Just perusing some old books on developing and some of them don't have any minimum developer amounts for various formulas.
Any formulas or rules of thumb for this problem?
Required development capacity by film surface is an elastic parameter... in theory the developer dose should be able to develop all developable silver in the medium to obtain film DMax in every spot in the frame.
In practice usually only a fraction of the silver is developed so usually only a fraction of the developer is required, but dosing developer in excess holds chem concentration stable so development is more consistent.
So IMHO it depends, if we produce thin negatives then we require less developer, for bullet proof negatives style way more developer is required or usually recommended.
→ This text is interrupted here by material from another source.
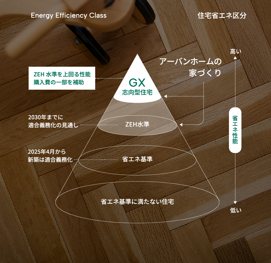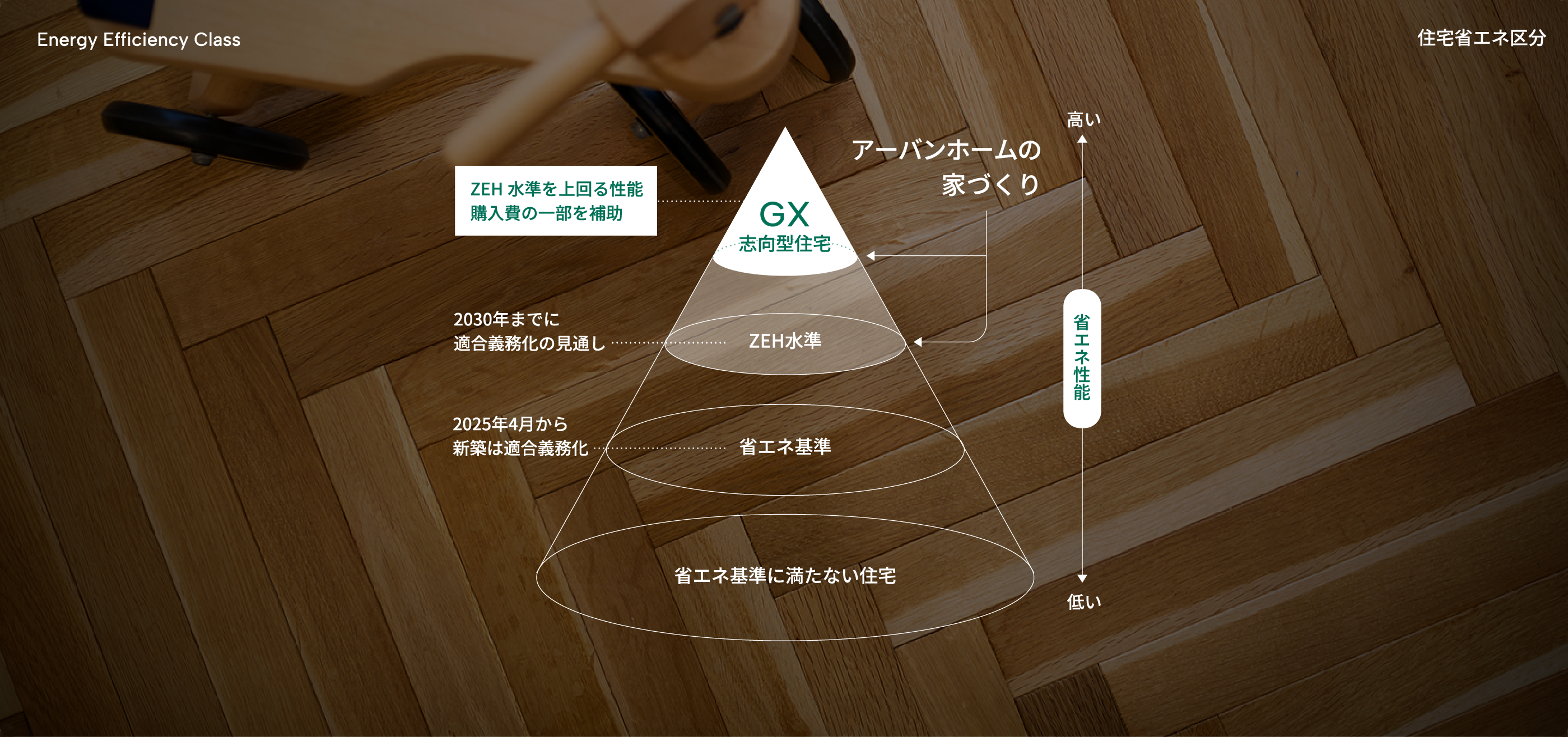 GX志向型住宅とは、GX(グリーントランスフォーメーション)の考え方を取り入れ、エネルギー消費を抑えながら快適な暮らしを実現する、これからの時代に求められる住まいです。高断熱・省エネ・創エネを組み合わせ、環境にも家計にもやさしい住環境を実現。アーバンホームは、将来を見据えた安心で快適な住まいづくりを提案します。

What we can test is development capability, with samples of a certain film, lights open, we may fully develop the samples with different doses of developer and measuring the density reached by the samples, in that way we may compare developing capability of different developers, this does not explain all effects, of course, but this tells
what relative safety margin we have with different developers at different doses.
I guess that tabular grain films require less developer than classic cubic films for the same results, as grains are flat a higher density may be reached with less developed silver, so with less developer consumption.
Kodak with Xtol recommends starting with at least 100ml of developer per 80sqi (a 120 roll, or 135-36, or four 4x5 sheets), this is a conservative amount... when I made a mistake using 2/3 of that I found no difference, but if we have specially dense negatives (say a lot of surface in Z-IX) then it would be interesting to see the effect.